(Material for this exercise):
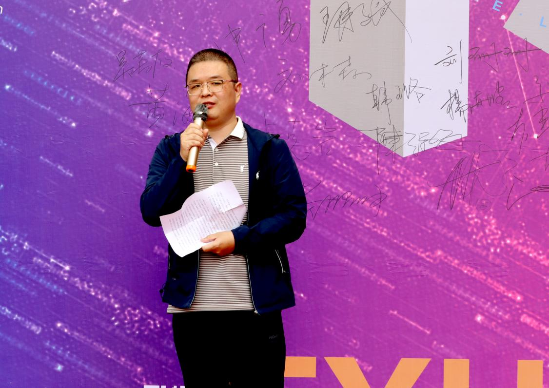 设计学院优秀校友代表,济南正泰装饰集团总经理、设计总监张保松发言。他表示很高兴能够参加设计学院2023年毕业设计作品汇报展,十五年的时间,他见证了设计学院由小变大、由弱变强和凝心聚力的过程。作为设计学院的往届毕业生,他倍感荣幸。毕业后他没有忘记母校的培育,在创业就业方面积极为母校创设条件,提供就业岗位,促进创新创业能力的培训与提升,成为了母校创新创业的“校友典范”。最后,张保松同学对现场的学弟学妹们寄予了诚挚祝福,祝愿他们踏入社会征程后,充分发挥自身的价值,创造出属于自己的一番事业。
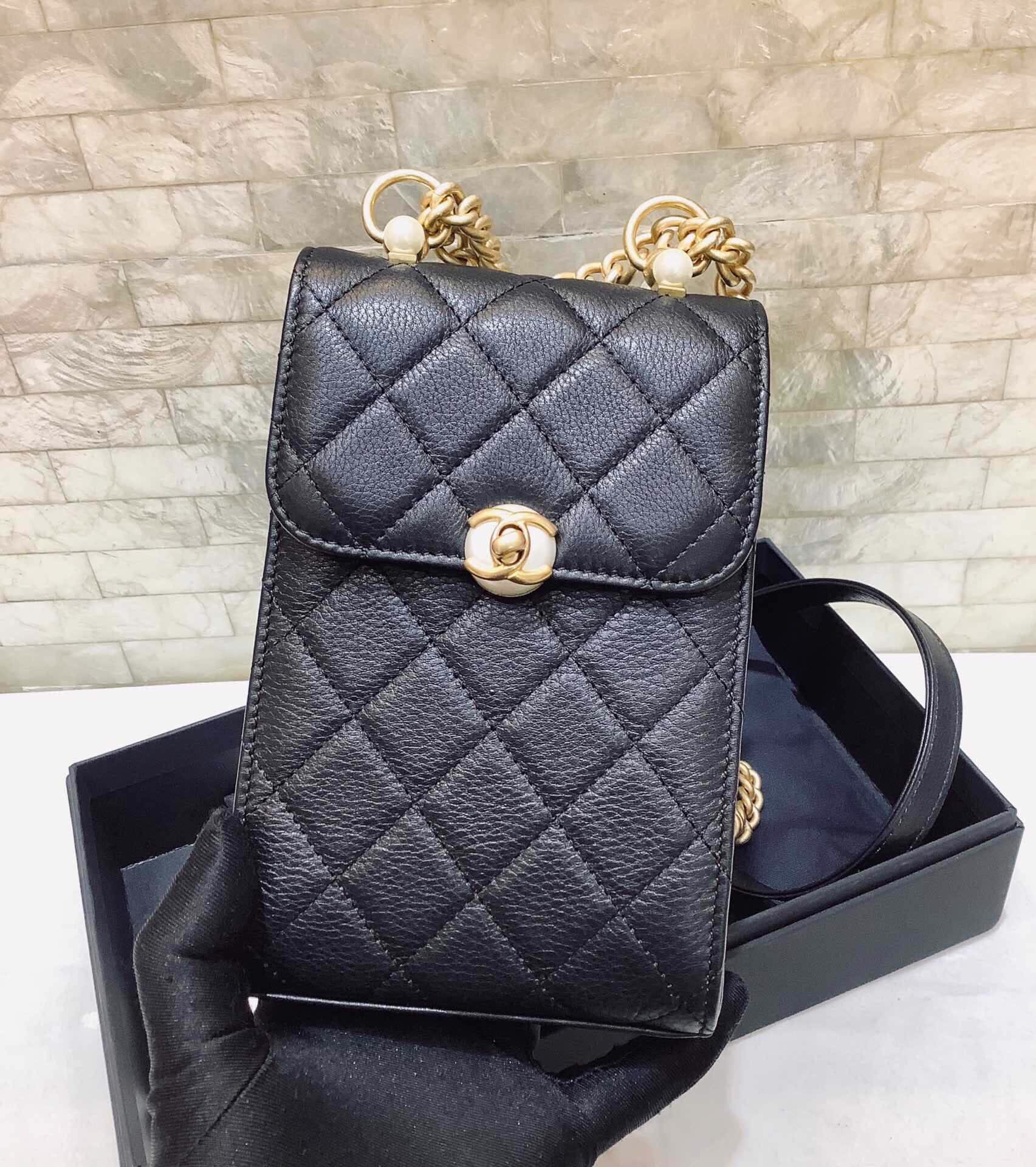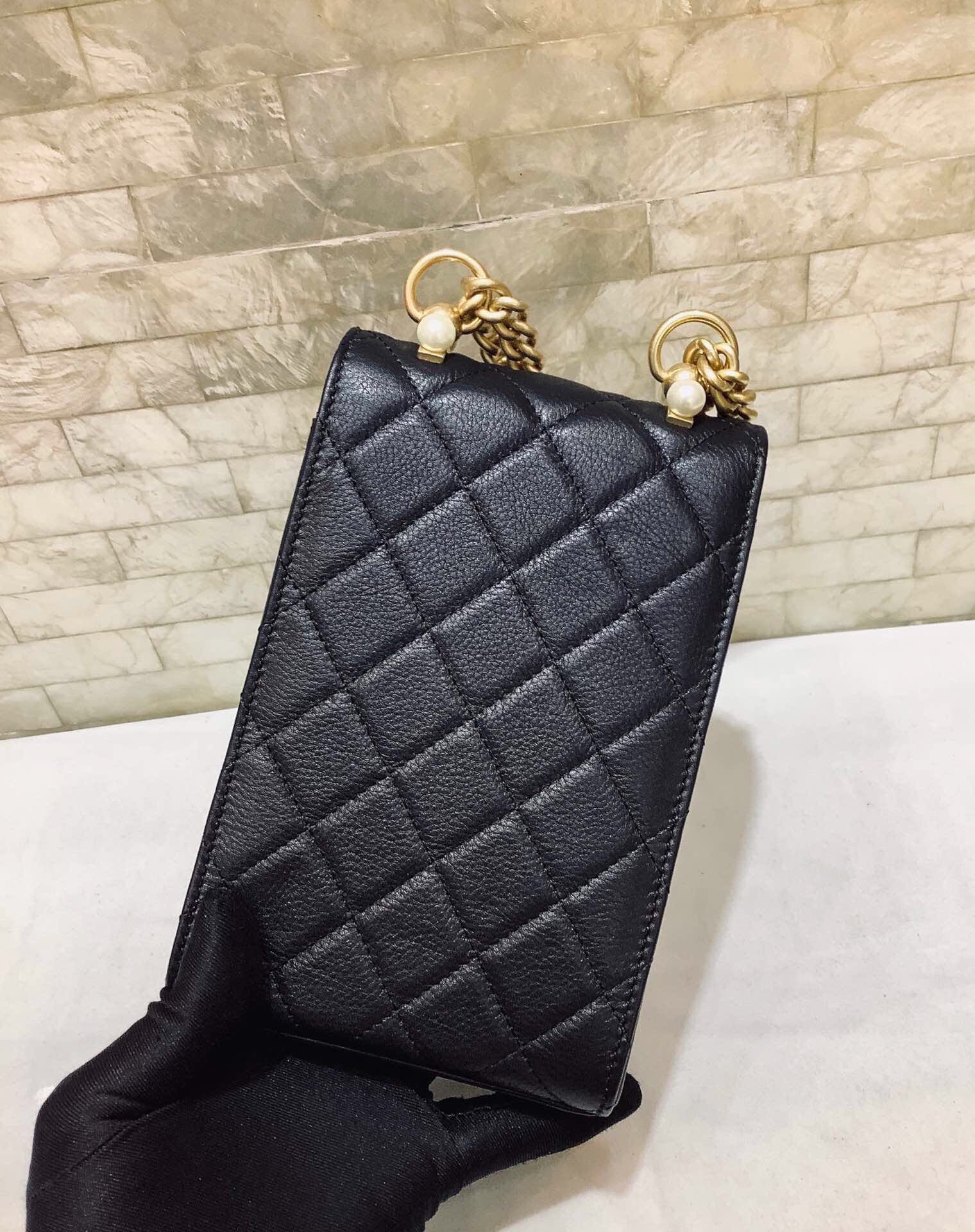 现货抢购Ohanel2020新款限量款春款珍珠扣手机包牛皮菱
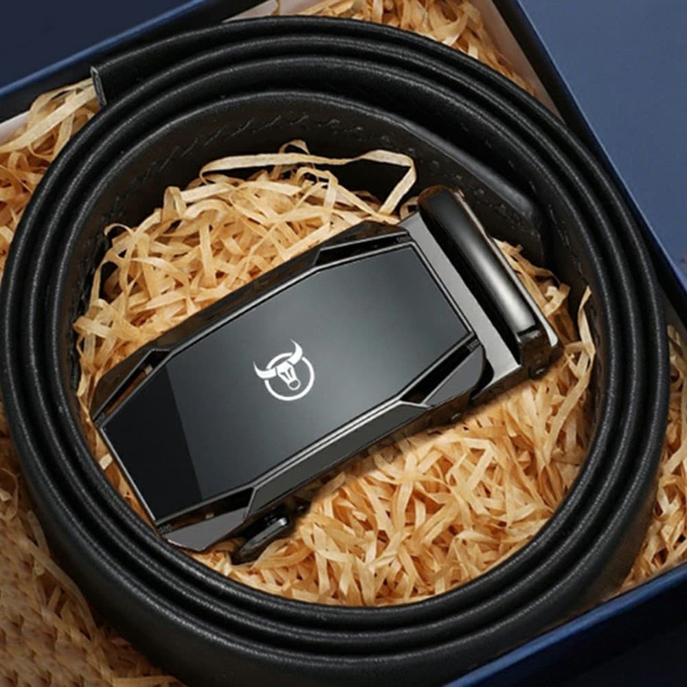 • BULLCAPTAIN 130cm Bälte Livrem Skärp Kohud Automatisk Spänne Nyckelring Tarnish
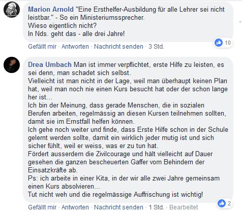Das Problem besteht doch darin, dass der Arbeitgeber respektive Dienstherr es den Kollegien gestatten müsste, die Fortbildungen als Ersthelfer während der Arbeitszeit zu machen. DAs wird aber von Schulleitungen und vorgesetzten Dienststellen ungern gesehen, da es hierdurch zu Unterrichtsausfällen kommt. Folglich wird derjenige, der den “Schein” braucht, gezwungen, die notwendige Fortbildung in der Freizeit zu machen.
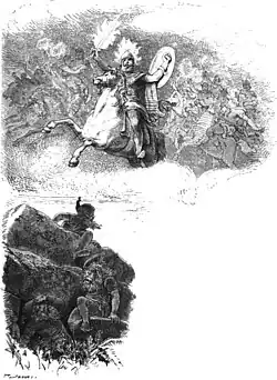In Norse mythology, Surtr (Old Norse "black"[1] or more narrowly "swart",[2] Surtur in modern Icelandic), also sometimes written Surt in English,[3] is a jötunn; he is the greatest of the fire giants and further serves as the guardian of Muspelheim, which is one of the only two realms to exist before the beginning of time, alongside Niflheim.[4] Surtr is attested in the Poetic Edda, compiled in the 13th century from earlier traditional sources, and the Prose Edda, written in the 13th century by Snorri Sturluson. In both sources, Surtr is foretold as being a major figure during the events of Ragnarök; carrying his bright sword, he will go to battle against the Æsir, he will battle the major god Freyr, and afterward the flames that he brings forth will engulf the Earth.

(Exercise objective): Return the entries unchanged, save for the pictures, which do not belong in the copy.

(Response):
 设计学院优秀校友代表,济南正泰装饰集团总经理、设计总监张保松发言。他表示很高兴能够参加设计学院2023年毕业设计作品汇报展,十五年的时间,他见证了设计学院由小变大、由弱变强和凝心聚力的过程。作为设计学院的往届毕业生,他倍感荣幸。毕业后他没有忘记母校的培育,在创业就业方面积极为母校创设条件,提供就业岗位,促进创新创业能力的培训与提升,成为了母校创新创业的“校友典范”。最后,张保松同学对现场的学弟学妹们寄予了诚挚祝福,祝愿他们踏入社会征程后,充分发挥自身的价值,创造出属于自己的一番事业。
 现货抢购Ohanel2020新款限量款春款珍珠扣手机包牛皮菱
 • BULLCAPTAIN 130cm Bälte Livrem Skärp Kohud Automatisk Spänne Nyckelring Tarnish
Das Problem besteht doch darin, dass der Arbeitgeber respektive Dienstherr es den Kollegien gestatten müsste, die Fortbildungen als Ersthelfer während der Arbeitszeit zu machen. DAs wird aber von Schulleitungen und vorgesetzten Dienststellen ungern gesehen, da es hierdurch zu Unterrichtsausfällen kommt. Folglich wird derjenige, der den “Schein” braucht, gezwungen, die notwendige Fortbildung in der Freizeit zu machen.
In Norse mythology, Surtr (Old Norse "black"[1] or more narrowly "swart",[2] Surtur in modern Icelandic), also sometimes written Surt in English,[3] is a jötunn; he is the greatest of the fire giants and further serves as the guardian of Muspelheim, which is one of the only two realms to exist before the beginning of time, alongside Niflheim.[4] Surtr is attested in the Poetic Edda, compiled in the 13th century from earlier traditional sources, and the Prose Edda, written in the 13th century by Snorri Sturluson. In both sources, Surtr is foretold as being a major figure during the events of Ragnarök; carrying his bright sword, he will go to battle against the Æsir, he will battle the major god Freyr, and afterward the flames that he brings forth will engulf the Earth.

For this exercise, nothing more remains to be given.